Instituto Socioambiental
"O Governo apoia os indígenas que o apoiam. Duque quer dividir os povos, para eliminar a autonomia indígena"

A passagem da Covid 19 e seu dano aos Povos Indígenas

Jaime Guerrero afirmou que somada ao racismo que as comunidades enfrentam e ao abandono dos governos nacional, departamental e municipal, a pandemia da Covid 19 afetou e afeta atualmente os Povos Indígenas com a morte dos líderes, homens e mulheres e também anciãos dos Povos Indígenas que tinham consigo as memórias e o conhecimento de suas culturas.
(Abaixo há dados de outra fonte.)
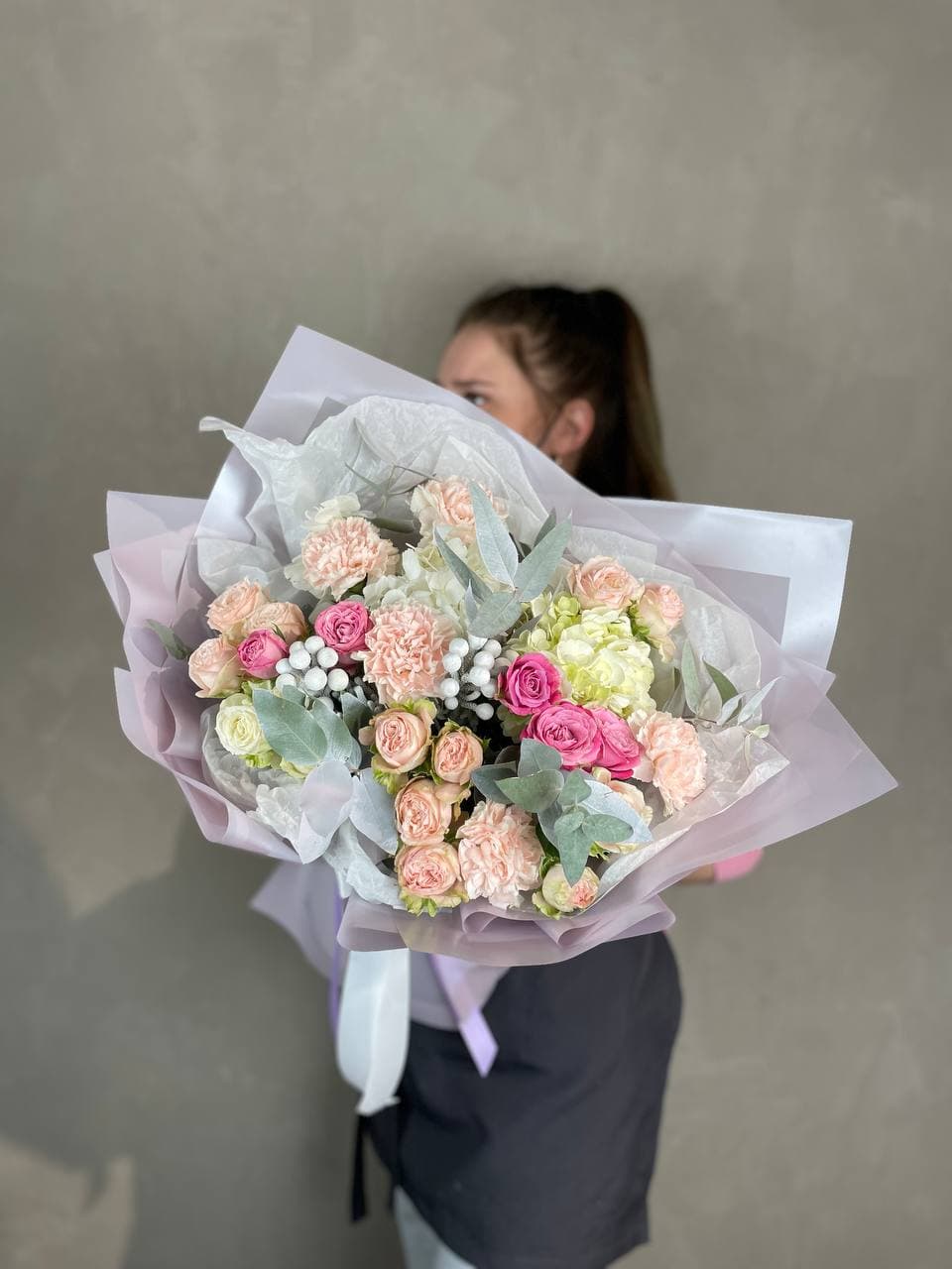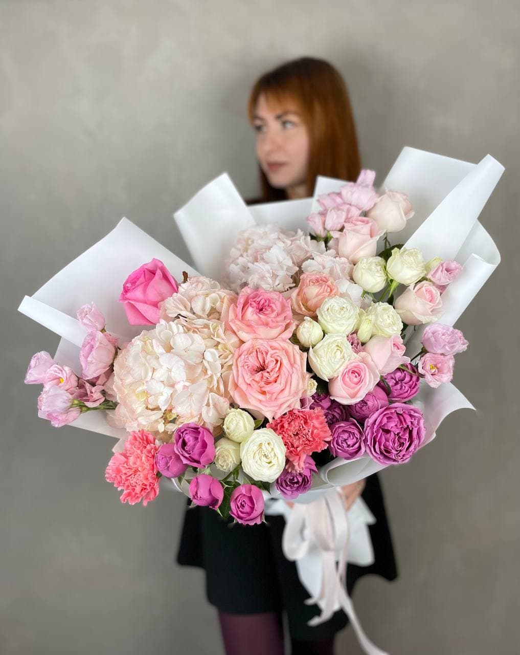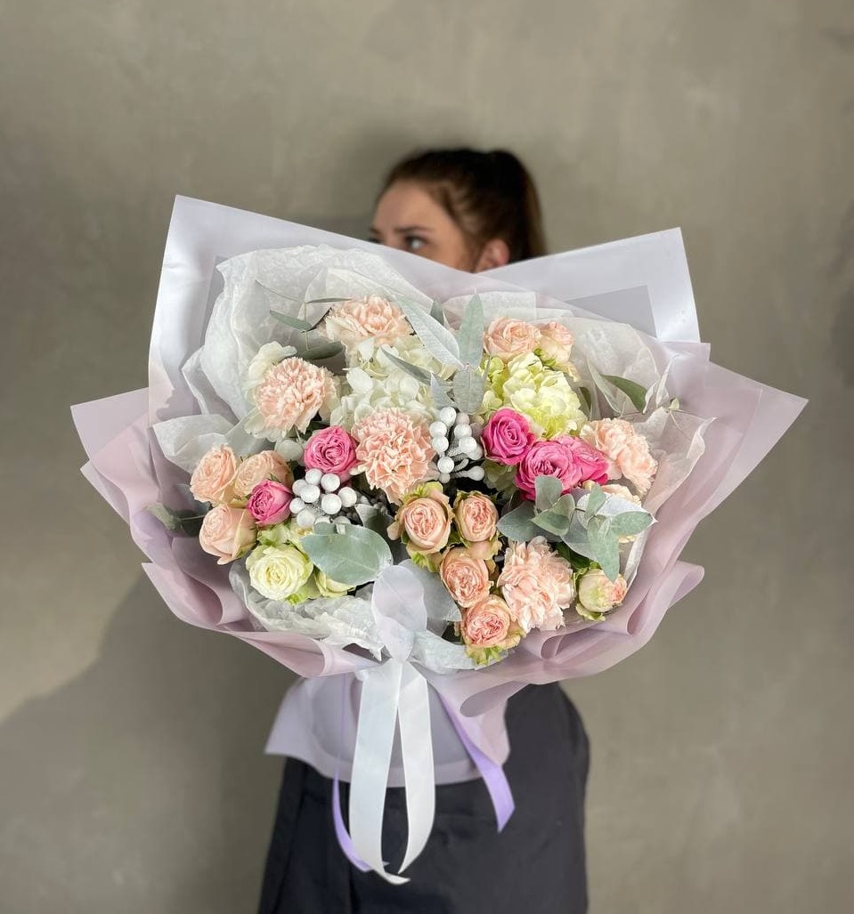 Пышная шапка из гортензии и пионовидных роз собрана с филигранной точностью. Диантус и эустома создают воздушные переходы между крупными соцветиями, а озотамнус добавляет графичные вертикали. Букет для тех, кто понимает язык авторской флористики.

Para o delegado indígena, apesar de que não estavam preparados para enfrentar a pandemia, conseguiram resgatar vidas por meio da medicina ancestral; no entanto, o Governo demonstrou não saber manejar a epidemia e foram notáveis as falhas do sistema de saúde na Colômbia, especialmente nos territórios ocupados por comunidades camponesas, indígenas e afros.

Recentemente a comunidade indígena lamentou a morte por Covid 19 do líder indígena Martín Tenganá Narváez, que era presidente da AICO.  O sociólogo e antropólogo de 52 anos morreu nesta segunda-feira, 9 de agosto, no Hospital San Pedro de Pasto, em Nariño.

A Assembleia Departamental de Nariño lamentou a morte do líder indígena. 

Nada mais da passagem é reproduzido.